200px-honeyghan93553617By Donald “Braveheart” Stewart

If I have not mentioned before, then let me say again – the 1980’s were a kind of blur to me. Having got into the University in 1982, I went on a spree of alcohol haziness that lasted till the dawn of the nineties.

There are good memories that exist in amongst the haze though, in a sporting sense, much have to do with following my local soccer team who, by this time were beginning to show remarkable signs of being able to win things. Personally, I was living a nightmare of one crisis leading deftly into another and then hoping to become a teacher when in 1986, the world welcomed a new British super star in boxing that shattered America.

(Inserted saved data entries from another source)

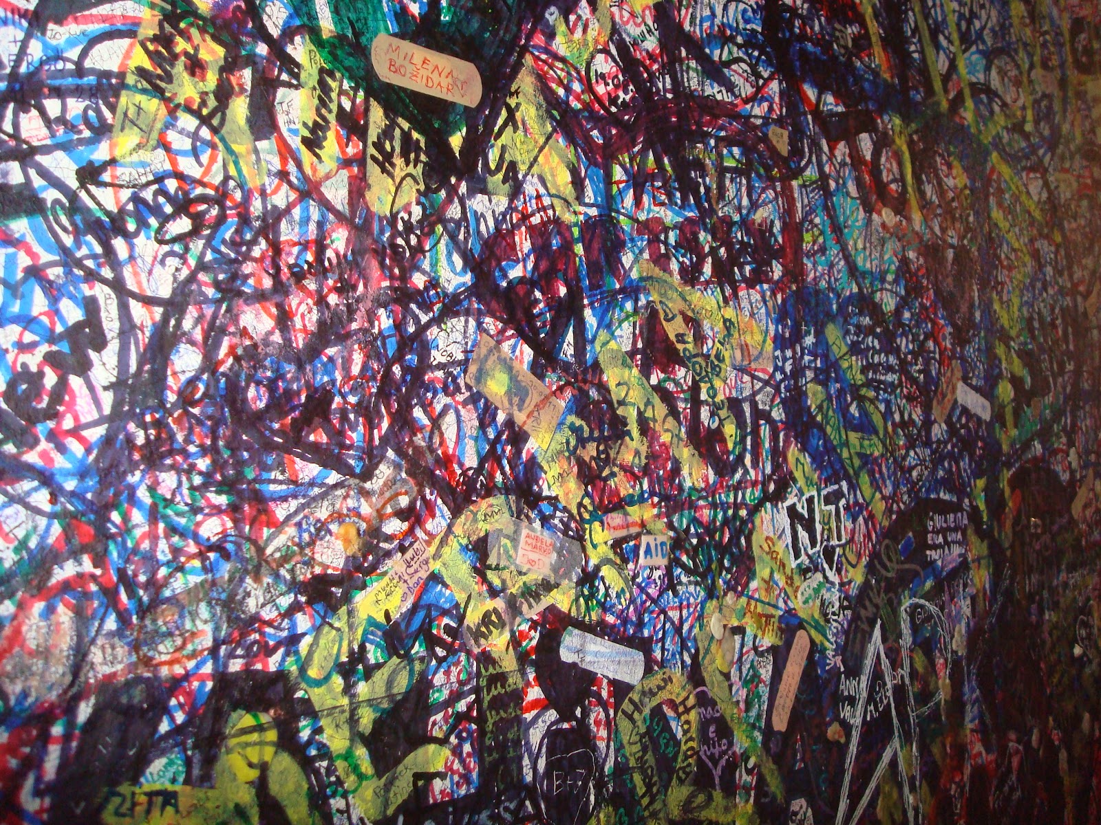The walls on both sides of the entrance were all covered in inc and stickers. According to a superstition if you stick your & your beloved one's names with a gum there you'll love each other forever.
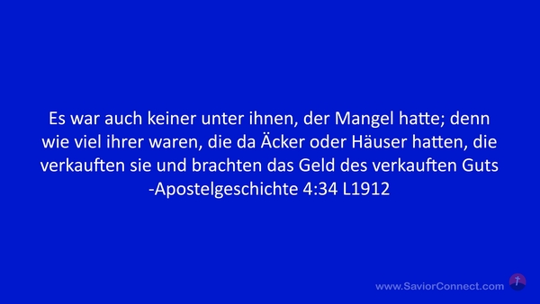 Es war auch keiner unter ihnen, der Mangel hatte; denn wie viel ihrer waren, die da Äcker oder Häuser hatten, die verkauften sie und brachten das Geld des verkauften Guts -Apostelgeschichte 4:34 L1912
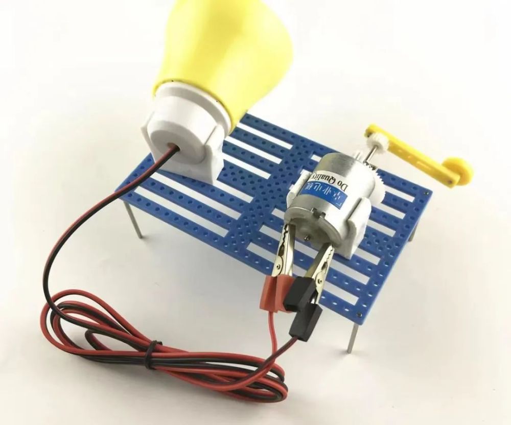 课程简介:现在的同学们肯定想不通,黑咕隆咚长夜漫漫的日子是怎么熬过来的,其实几十年前或者更早几年的乡村,普遍都还没有牵上高压电。人们走夜路靠手电筒或者马灯,家里照明用煤油灯,惯用的是那种有玻璃灯罩的美孚灯,既美观又可以挡风,图省钱也可以自制,大多拿万能胶罐子或者药瓶子的盖子钻一个洞,找点铝片圈好棉芯,一盏简易的煤油灯就做成了。在我们的生活中很多东西会用到电,如果没有电会怎样?今天我们就来一起利用电磁感应现象制作一个手摇发电机。

It was September – the 27th, when Lloyd Honeyghan managed to achieve the dream of breaking into America. Thing is he not only broke in but took the WBA, WBC, IBF, Ring and lineal welterweight titles in full view of the paying public at the same time.
It cannot be underestimated just how important to the British – particularly the English – that it is to break into the US.

At times, it appears like they are avenging the Mayflower, but “breaking America” has been a halcyon cry long before the Beatles managed it in the sixties. Even now as we prepare in Manchester and Glasgow for massive world title fights for Anthony Crolla and Ricky Burns, rewards are talked about in terms of Las Vegas headlines and massive nights in the capital of boxing’s dreamland.

Honeyghan showed them how to really so it as he was one guy who went over a contender and came back a King.

His fight, against Donald Curry, in Atlantic City was both a classic and a massive upset.

We knew Honeyghan well – he was already the British, European and Commonwealth title holders at welterweight. We knew Curry – he was just a legend – unbeaten and undisputed.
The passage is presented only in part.